# Stored items
_ _ _ _ _ _ _
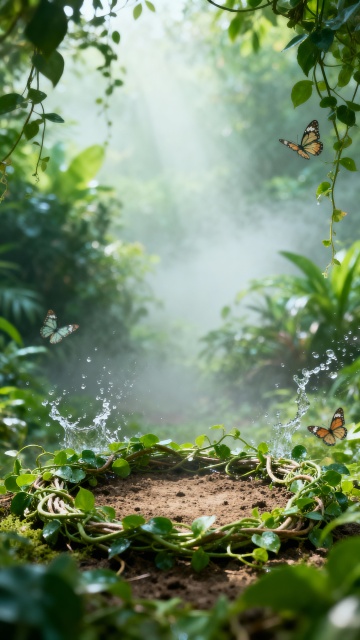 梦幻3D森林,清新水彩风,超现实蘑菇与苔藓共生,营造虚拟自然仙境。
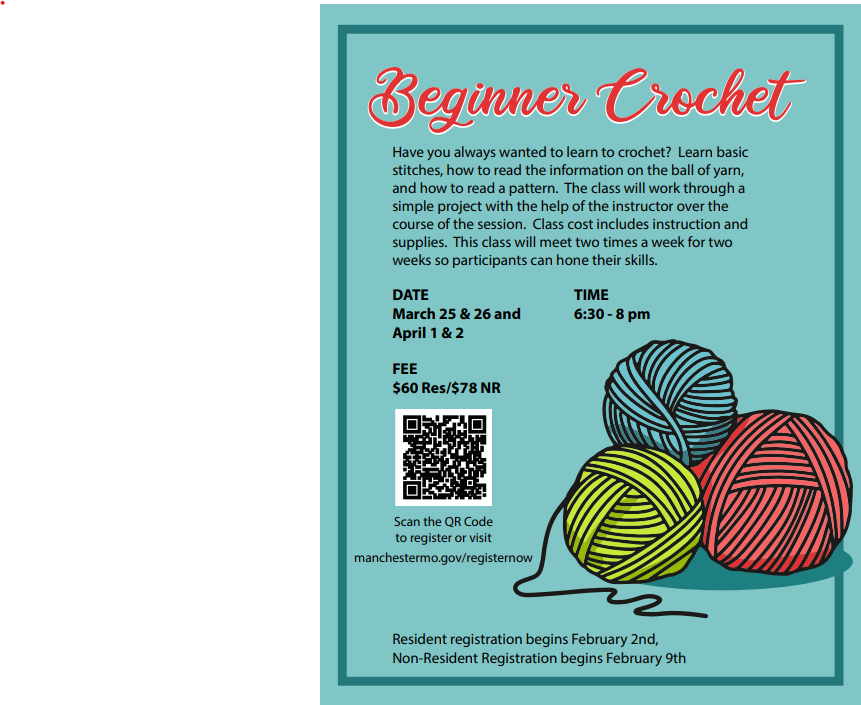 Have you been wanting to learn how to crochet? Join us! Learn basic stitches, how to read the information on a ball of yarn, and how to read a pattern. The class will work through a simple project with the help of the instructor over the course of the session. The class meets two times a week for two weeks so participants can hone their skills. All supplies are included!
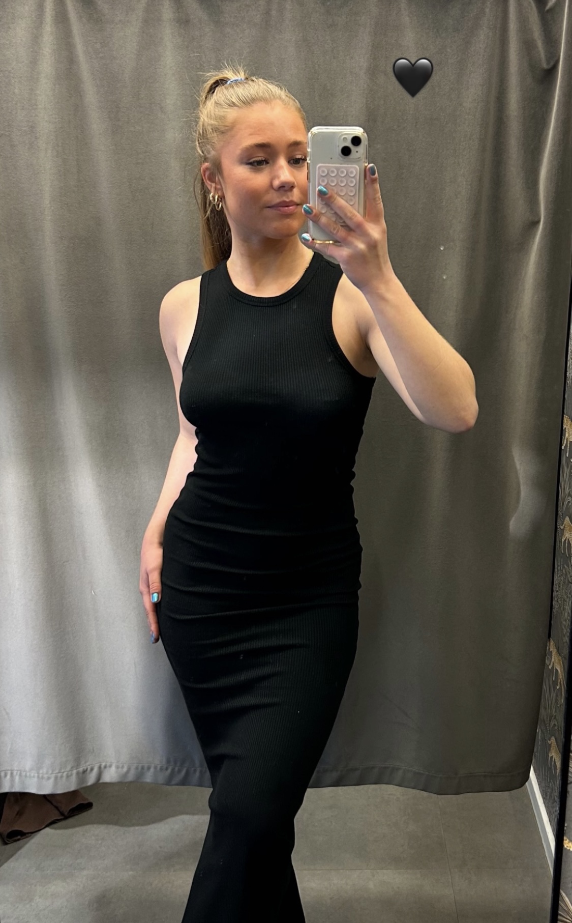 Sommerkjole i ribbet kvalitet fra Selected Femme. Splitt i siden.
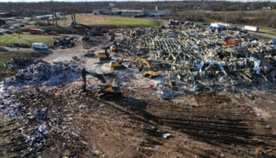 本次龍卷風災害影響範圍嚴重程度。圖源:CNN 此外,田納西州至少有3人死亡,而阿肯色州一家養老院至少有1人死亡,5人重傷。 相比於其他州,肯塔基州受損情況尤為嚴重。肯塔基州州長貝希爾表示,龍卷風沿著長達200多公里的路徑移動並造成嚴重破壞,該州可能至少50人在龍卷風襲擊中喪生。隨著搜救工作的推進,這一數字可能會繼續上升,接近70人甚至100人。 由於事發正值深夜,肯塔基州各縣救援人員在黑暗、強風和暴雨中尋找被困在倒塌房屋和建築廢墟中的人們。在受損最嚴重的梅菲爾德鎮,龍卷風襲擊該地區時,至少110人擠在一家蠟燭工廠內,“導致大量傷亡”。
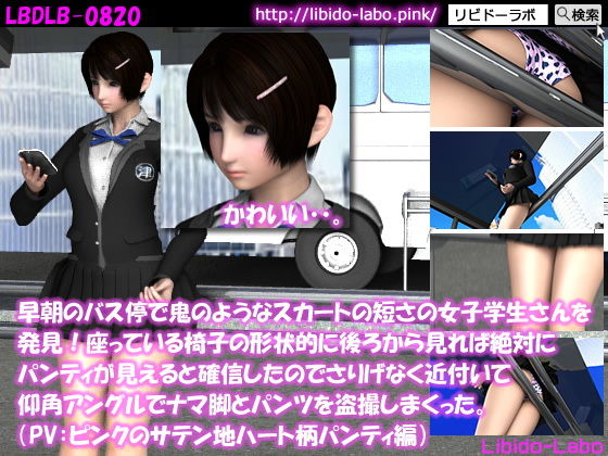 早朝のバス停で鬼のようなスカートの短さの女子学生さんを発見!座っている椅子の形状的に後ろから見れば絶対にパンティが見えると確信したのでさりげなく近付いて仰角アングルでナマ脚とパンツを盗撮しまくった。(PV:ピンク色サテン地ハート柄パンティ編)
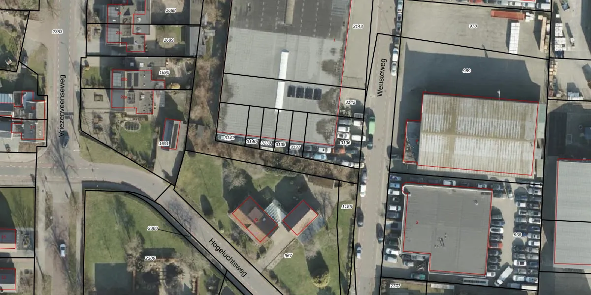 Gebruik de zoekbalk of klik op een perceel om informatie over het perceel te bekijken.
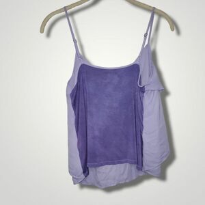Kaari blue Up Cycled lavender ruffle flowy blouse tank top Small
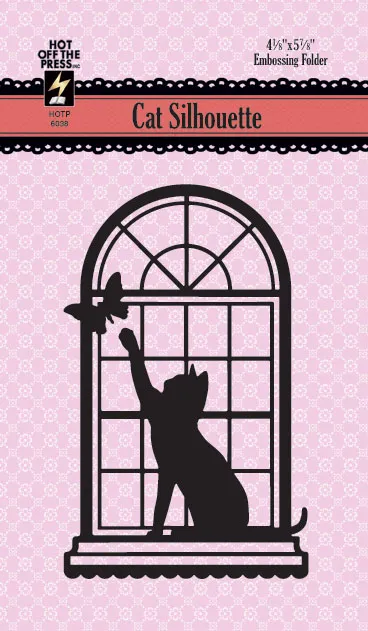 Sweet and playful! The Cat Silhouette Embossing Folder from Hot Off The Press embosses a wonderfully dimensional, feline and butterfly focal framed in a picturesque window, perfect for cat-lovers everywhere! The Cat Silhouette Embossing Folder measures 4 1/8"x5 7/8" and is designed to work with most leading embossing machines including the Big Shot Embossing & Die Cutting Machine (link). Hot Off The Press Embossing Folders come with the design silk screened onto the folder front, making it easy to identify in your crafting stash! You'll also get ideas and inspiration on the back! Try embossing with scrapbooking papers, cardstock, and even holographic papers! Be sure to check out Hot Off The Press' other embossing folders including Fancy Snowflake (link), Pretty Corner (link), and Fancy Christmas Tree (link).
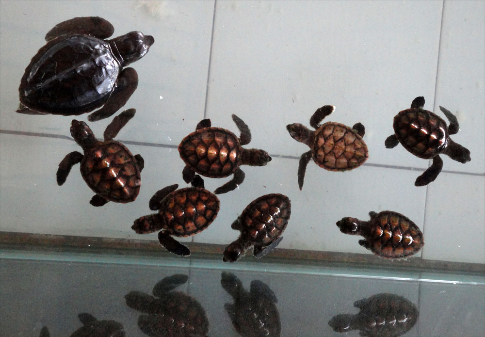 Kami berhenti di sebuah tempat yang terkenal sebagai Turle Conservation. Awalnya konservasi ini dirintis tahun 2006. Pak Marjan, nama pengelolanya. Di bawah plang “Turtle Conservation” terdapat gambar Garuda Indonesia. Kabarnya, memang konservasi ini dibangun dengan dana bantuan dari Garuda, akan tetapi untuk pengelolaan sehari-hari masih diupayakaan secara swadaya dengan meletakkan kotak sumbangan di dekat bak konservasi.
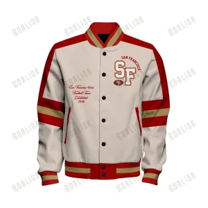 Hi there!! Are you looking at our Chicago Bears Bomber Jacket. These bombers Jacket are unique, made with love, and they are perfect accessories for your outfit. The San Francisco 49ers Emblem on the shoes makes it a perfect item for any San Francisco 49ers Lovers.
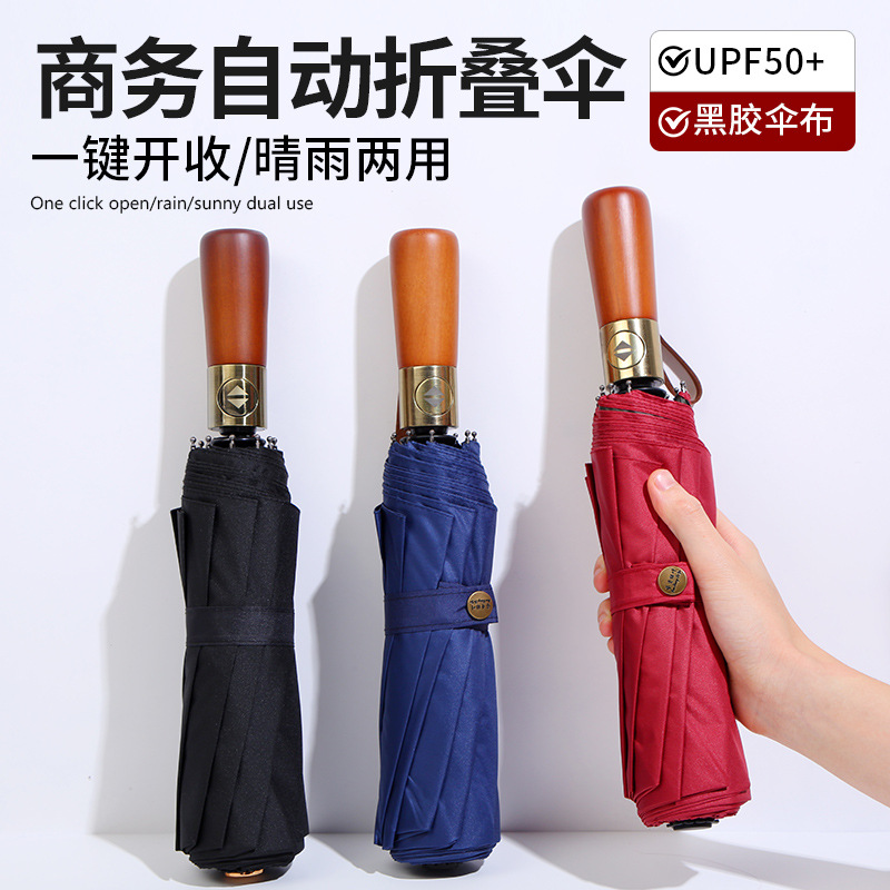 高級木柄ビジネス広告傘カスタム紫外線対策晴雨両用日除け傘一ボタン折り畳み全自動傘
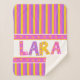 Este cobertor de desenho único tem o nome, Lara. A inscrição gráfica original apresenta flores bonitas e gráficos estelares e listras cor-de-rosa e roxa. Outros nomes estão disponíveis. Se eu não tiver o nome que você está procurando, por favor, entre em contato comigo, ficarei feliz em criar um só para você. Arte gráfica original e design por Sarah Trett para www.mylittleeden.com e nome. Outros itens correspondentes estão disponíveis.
_ _ _ _ _ _ _
# TASK REQUIREMENTS
Copy out the entries exactly as they stand, omitting the images.

# ANSWER SECTION
 梦幻3D森林,清新水彩风,超现实蘑菇与苔藓共生,营造虚拟自然仙境。
 Have you been wanting to learn how to crochet? Join us! Learn basic stitches, how to read the information on a ball of yarn, and how to read a pattern. The class will work through a simple project with the help of the instructor over the course of the session. The class meets two times a week for two weeks so participants can hone their skills. All supplies are included!
 Sommerkjole i ribbet kvalitet fra Selected Femme. Splitt i siden.
 本次龍卷風災害影響範圍嚴重程度。圖源:CNN 此外,田納西州至少有3人死亡,而阿肯色州一家養老院至少有1人死亡,5人重傷。 相比於其他州,肯塔基州受損情況尤為嚴重。肯塔基州州長貝希爾表示,龍卷風沿著長達200多公里的路徑移動並造成嚴重破壞,該州可能至少50人在龍卷風襲擊中喪生。隨著搜救工作的推進,這一數字可能會繼續上升,接近70人甚至100人。 由於事發正值深夜,肯塔基州各縣救援人員在黑暗、強風和暴雨中尋找被困在倒塌房屋和建築廢墟中的人們。在受損最嚴重的梅菲爾德鎮,龍卷風襲擊該地區時,至少110人擠在一家蠟燭工廠內,“導致大量傷亡”。
 早朝のバス停で鬼のようなスカートの短さの女子学生さんを発見!座っている椅子の形状的に後ろから見れば絶対にパンティが見えると確信したのでさりげなく近付いて仰角アングルでナマ脚とパンツを盗撮しまくった。(PV:ピンク色サテン地ハート柄パンティ編)
 Gebruik de zoekbalk of klik op een perceel om informatie over het perceel te bekijken.
Kaari blue Up Cycled lavender ruffle flowy blouse tank top Small
 Sweet and playful! The Cat Silhouette Embossing Folder from Hot Off The Press embosses a wonderfully dimensional, feline and butterfly focal framed in a picturesque window, perfect for cat-lovers everywhere! The Cat Silhouette Embossing Folder measures 4 1/8"x5 7/8" and is designed to work with most leading embossing machines including the Big Shot Embossing & Die Cutting Machine (link). Hot Off The Press Embossing Folders come with the design silk screened onto the folder front, making it easy to identify in your crafting stash! You'll also get ideas and inspiration on the back! Try embossing with scrapbooking papers, cardstock, and even holographic papers! Be sure to check out Hot Off The Press' other embossing folders including Fancy Snowflake (link), Pretty Corner (link), and Fancy Christmas Tree (link).
 Kami berhenti di sebuah tempat yang terkenal sebagai Turle Conservation. Awalnya konservasi ini dirintis tahun 2006. Pak Marjan, nama pengelolanya. Di bawah plang “Turtle Conservation” terdapat gambar Garuda Indonesia. Kabarnya, memang konservasi ini dibangun dengan dana bantuan dari Garuda, akan tetapi untuk pengelolaan sehari-hari masih diupayakaan secara swadaya dengan meletakkan kotak sumbangan di dekat bak konservasi.
 Hi there!! Are you looking at our Chicago Bears Bomber Jacket. These bombers Jacket are unique, made with love, and they are perfect accessories for your outfit. The San Francisco 49ers Emblem on the shoes makes it a perfect item for any San Francisco 49ers Lovers.
 高級木柄ビジネス広告傘カスタム紫外線対策晴雨両用日除け傘一ボタン折り畳み全自動傘
 Este cobertor de desenho único tem o nome, Lara. A inscrição gráfica original apresenta flores bonitas e gráficos estelares e listras cor-de-rosa e roxa. Outros nomes estão disponíveis. Se eu não tiver o nome que você está procurando, por favor, entre em contato comigo, ficarei feliz em criar um só para você. Arte gráfica original e design por Sarah Trett para www.mylittleeden.com e nome. Outros itens correspondentes estão disponíveis.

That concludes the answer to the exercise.